At the **University of Oxford**, I regularly organize reading groups on learning theory and statistical optimization:

In March 2023, together with Ciara Pike-Burke, I served as Module Leader for a doctoral course on online learning, bandits, and reinforcement learning. Invited speakers: Nicolò Cesa-Bianchi (University of Milan), Tor Lattimore (DeepMind), Gergely Neu (Universitat Pompeu Fabra).

In 2022, I served as a research supervisor for UNIQ+ DeepMind summer interns.

Since 2018, I have been designing and teaching Algorithmic Foundations of Learning, for which I received the 2019 Oxford MPLS Teaching Award.

In Spring 2021, I taught Simulation and Statistical Programming.
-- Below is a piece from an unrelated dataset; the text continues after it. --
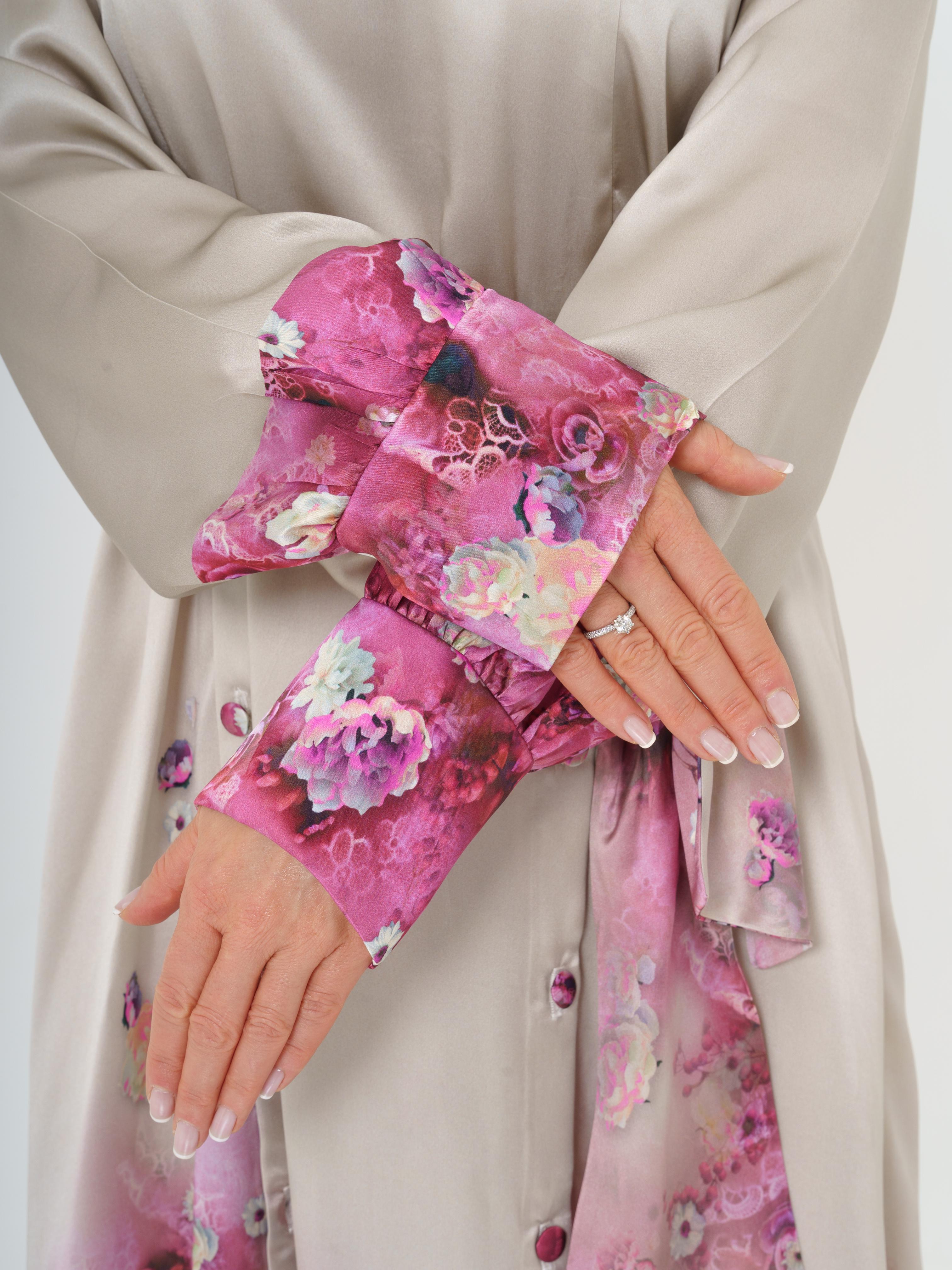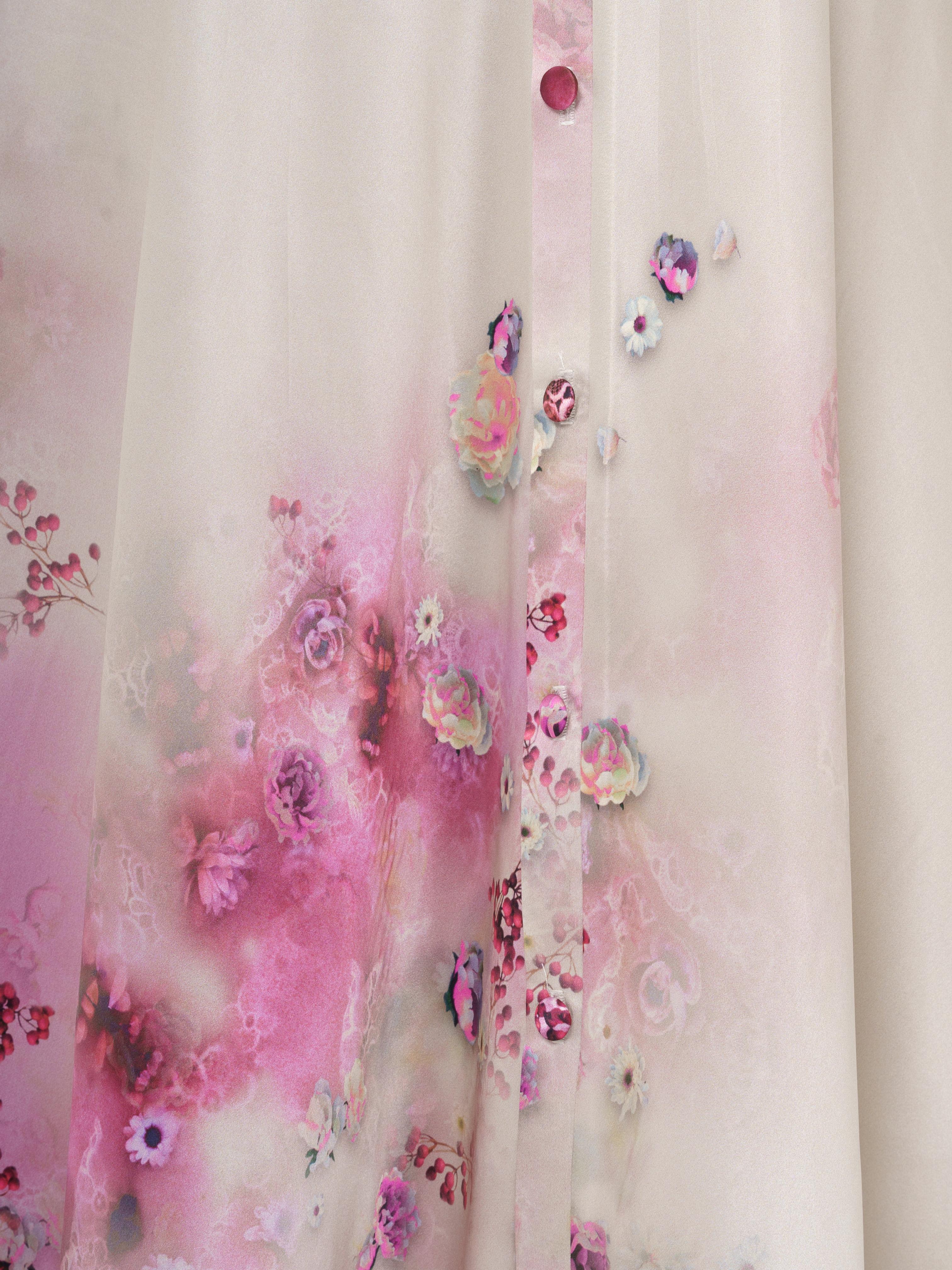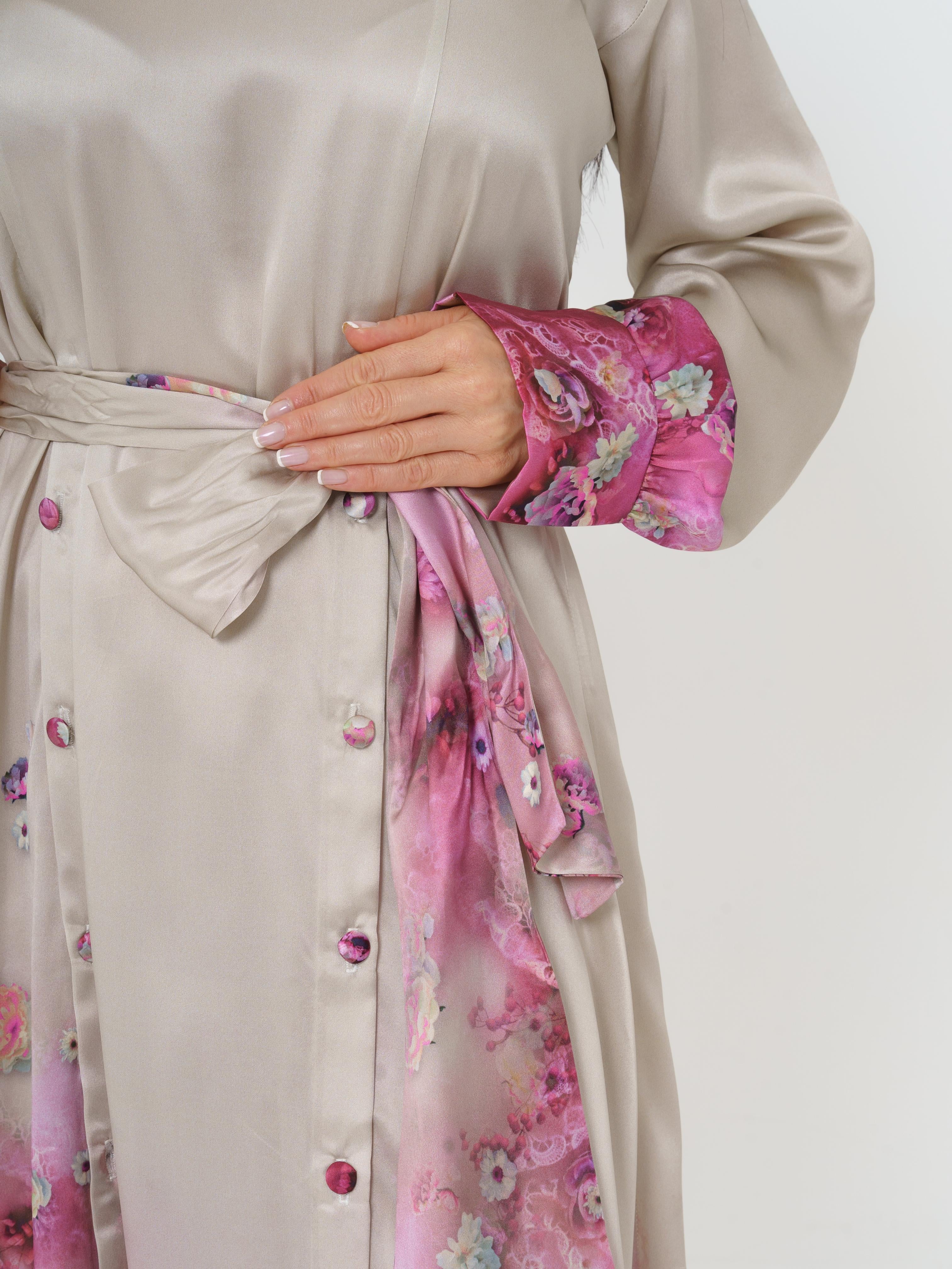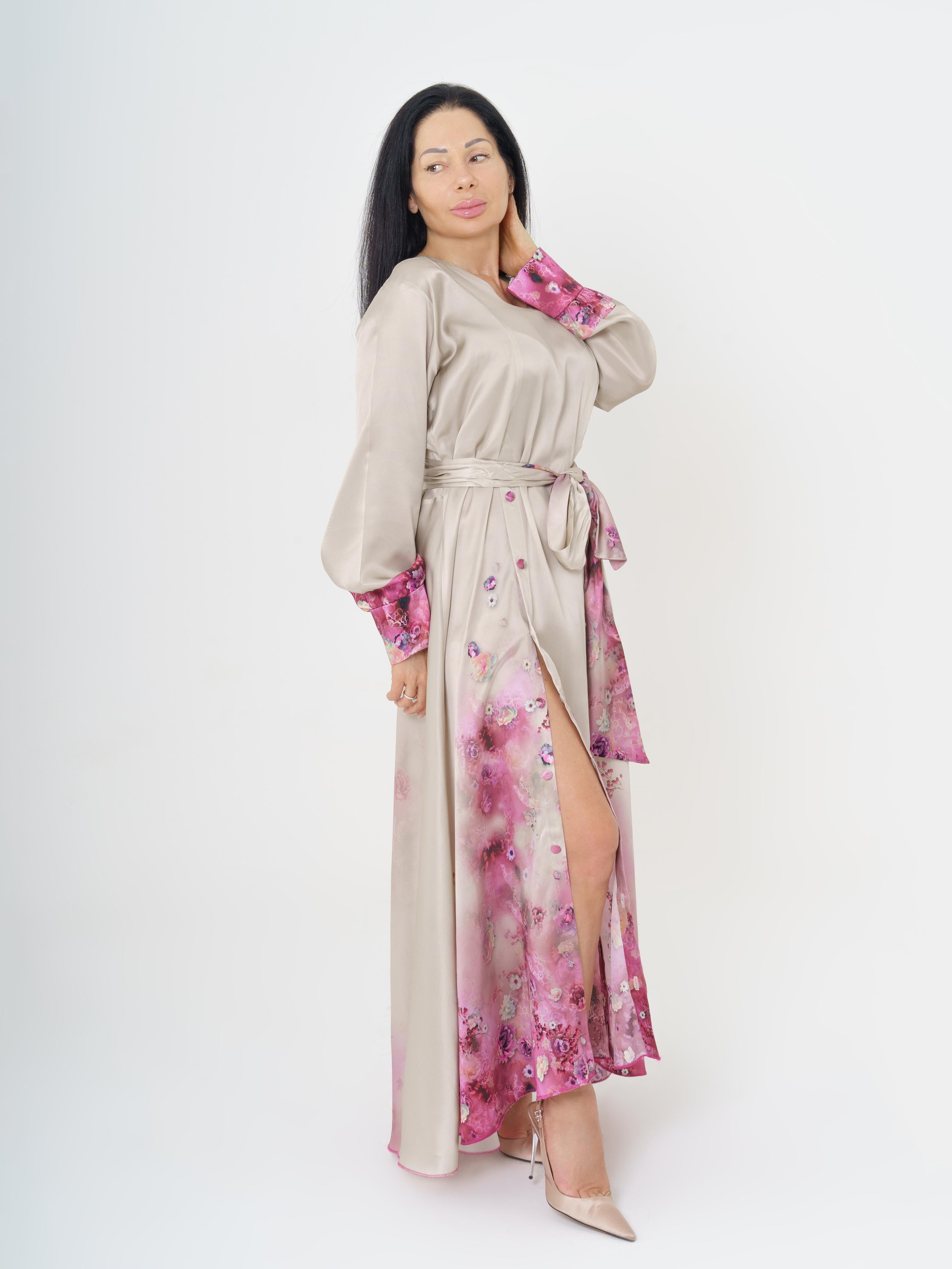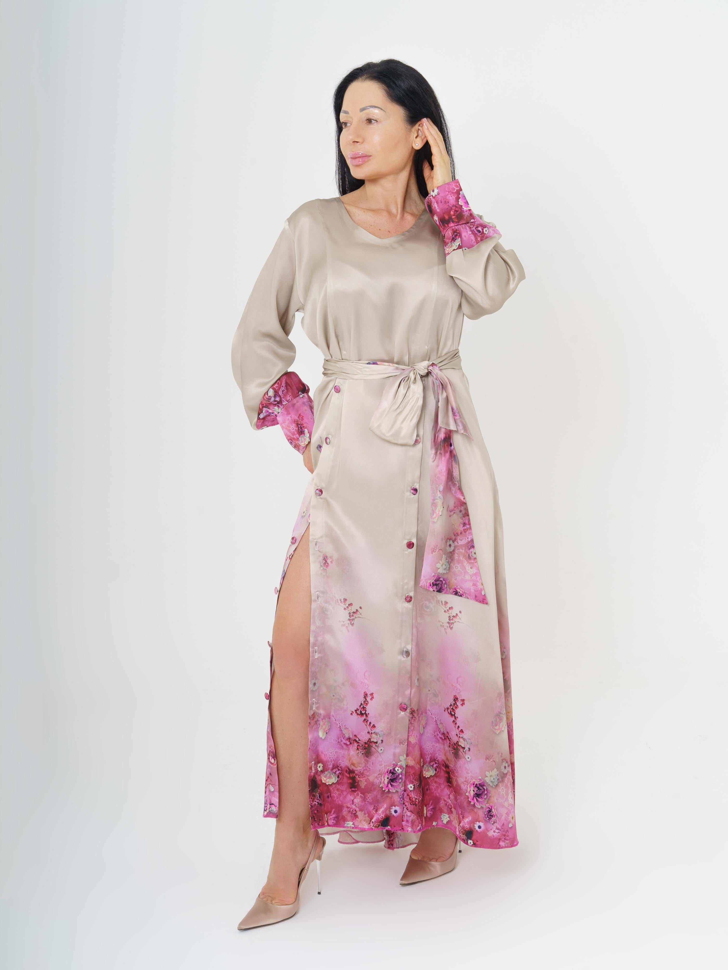 Elegant long dress made of high quality silk. The fabric design features delicate flowers in the pink tones. The dress opens at the front with buttons. The back of the dress also opens with buttons.

In Spring 2018, I taught Advanced Simulation Methods.

Since 2017, I have been teaching probability theory, statistics, and graph theory as part of my tutorial duties at University College Oxford.

I regularly contribute to Maths/Stats Open Days at Oxford. Here is a 2021 video to introduce statistics to high-school students via machine learning and the multi-armed bandit problem.

At **Yale University**, in Fall 2016 I served as the Head Instructor for CS50 — Introduction to Computing and Programming — taught jointly with Harvard University. This is one of the largest classes offered at Yale and Harvard.
Here is an article in the Yale Daily News. Here is the intro class in Machine Learning and Python, or its VR version.
I was a member of the Yale Postdoctoral Association, and for three years in a row, from 2015 to 2017, I organized the Julia Robinson Mathematics Festival at Yale, a celebration of ideas and problems in mathematics that enable junior high and high school students to explore fun math in a non-competitive setting.

At **Princeton University**, in 2013 I received the Excellence in Teaching Award from the Princeton Engineering Council while serving as Head Teaching Assistant for ORF 309 (Probability and Stochastic Systems) at Princeton University. I was also a fellow of the McGraw Center for Teaching and Learning at Princeton University.